Whew! For a minute there I thought Merrill might respond to a multi-billion-dollar loss by forcing its new CEO to settle for a measly $20 or $30 million. But I guess that would be un-American! So, not to worry.

Oh, but I'm being too negative, as usual. This comes from an article in today's New York Times that says CEO pay packages are actually becoming more realistic, with real penalties if goals aren't met. Here's an example, at a formerly high-flying home-building company:

Robert Toll, the chief at Toll Brothers, received no bonus in 2007

Good for Toll Brothers! A round of applause!

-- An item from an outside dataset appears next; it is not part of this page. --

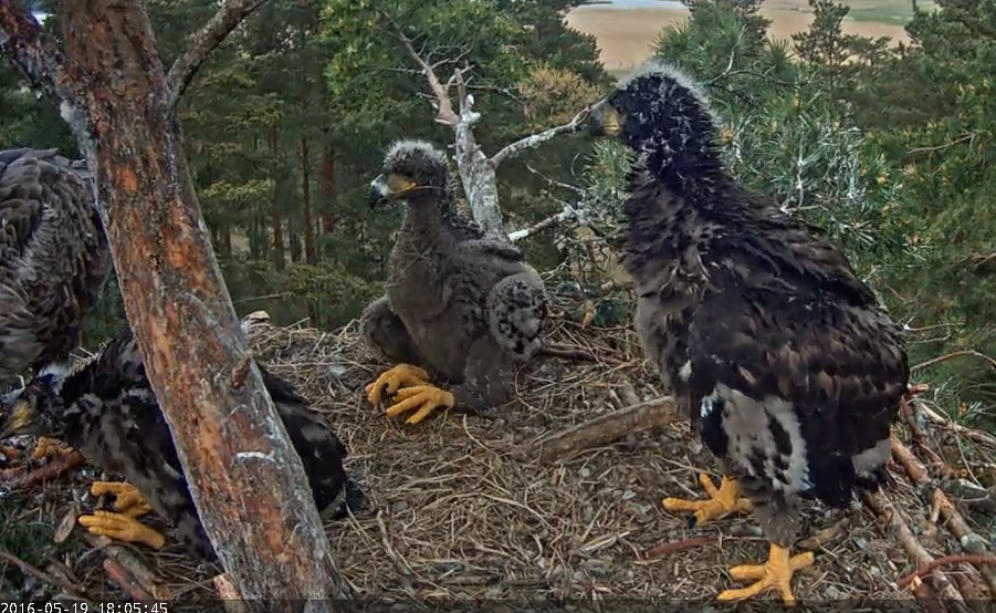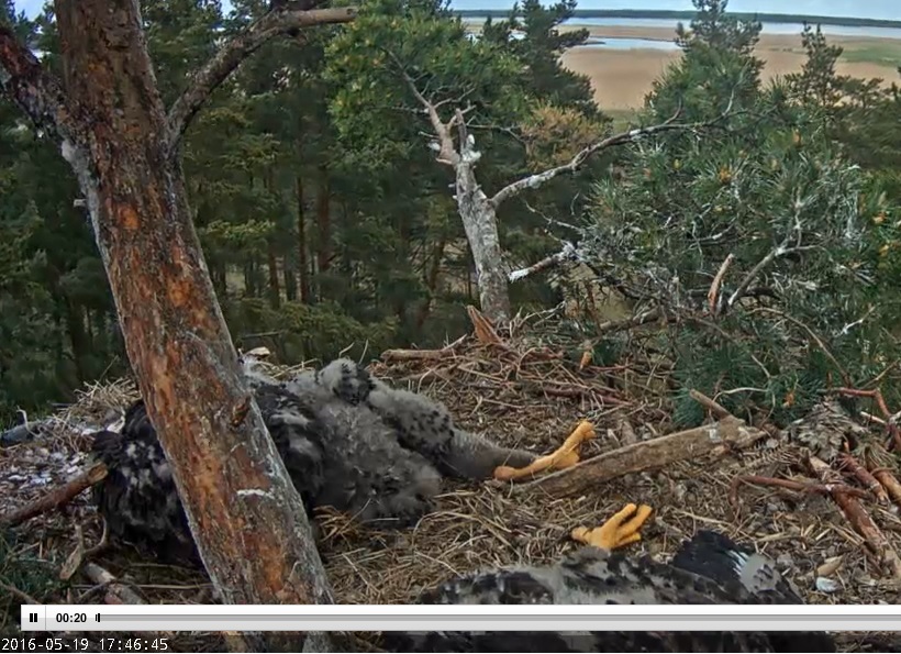 Jā, pa labi bija lielais, gulēja. Mamma baroja vidējo un mazāko pirms kautiņa. Lielais ēst negribēja. Atlidoja Uku ar to zaru, ieriktēja un tad kautiņš, jā Sandra L rakstīja.Sunshine wrote:Sandra L, vai pa labi bija lielais? Pontu bildītē 15:04 izskatās, ka tas pa kreisi ir stipri melnāksSandra L. wrote:Man izskatījās, ka sākums bija, ka kāds tur nevarēja līdzsvaru noturēt, sāka gāzelēties un uzgrūdās vienam, otram virsū. Tad sākās atpakaļ knābšana. Iesaistīti bija visi. Pēdējais punktu pielika lielais, kas pa labi. Bet varbūt pašu sākumu riktīgi neredzēju. Pat nedomāju, ka sanāks tāda plūkšanās
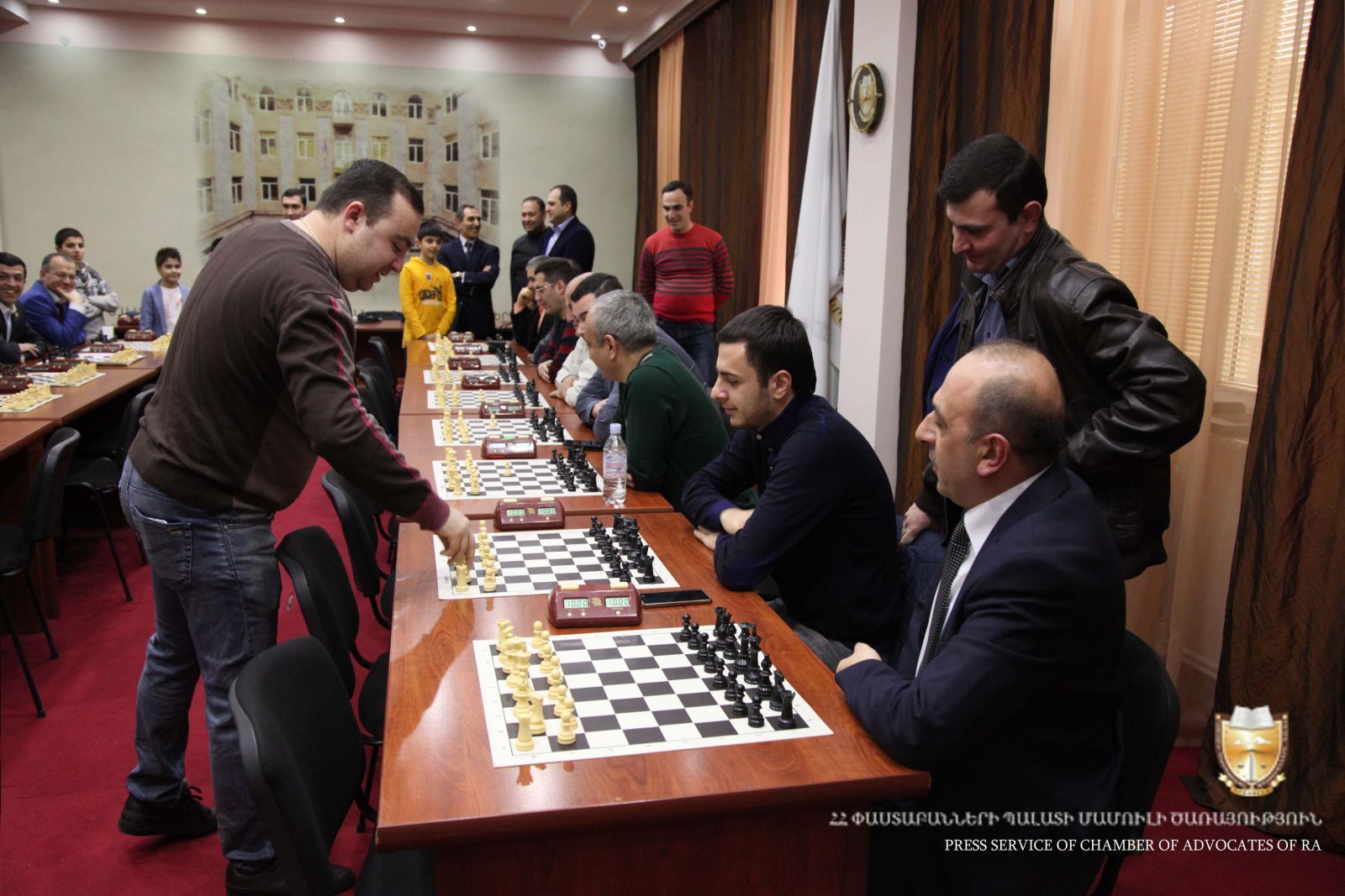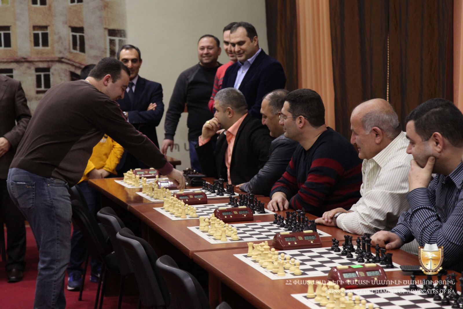 Համաժամանակյա խաղի ընթացքում 15 փաստաբաններից 13-ը պարտվել են, իսկ երկուսը (փաստաբաններ Արթուր Ալիխանյանը և Սուրեն Պետրոսյանը)՝ գրանցել են ոչ ոքի: Առաջնությունը վարել է միջազգային կարգի մրցավար Վահագն Խաչատրյանը:

-- but the company has rewritten the compensation plan so that he will probably get one this year even if home building does not recover.

OK, let's try another example -- David Steiner of Waste Management, Inc.:

... Last year, 75 percent of Mr. Steiner's long-term incentive plan was tied to specific targets for earnings growth and return on invested capital....

Mr. Steiner's pay is now linked entirely to achieving those targets. And some perks he used to get -- about $35,000 worth of items like car allowances and country club dues — are gone...


...though their value will be added to his base salary or bonus.


Read the article. There actually do seem to be a few signs of hope. (For instance, last year, "only 73 percent of the chiefs got performance bonuses, down from 78.6 percent in 2006." Feel better now? I know I do!)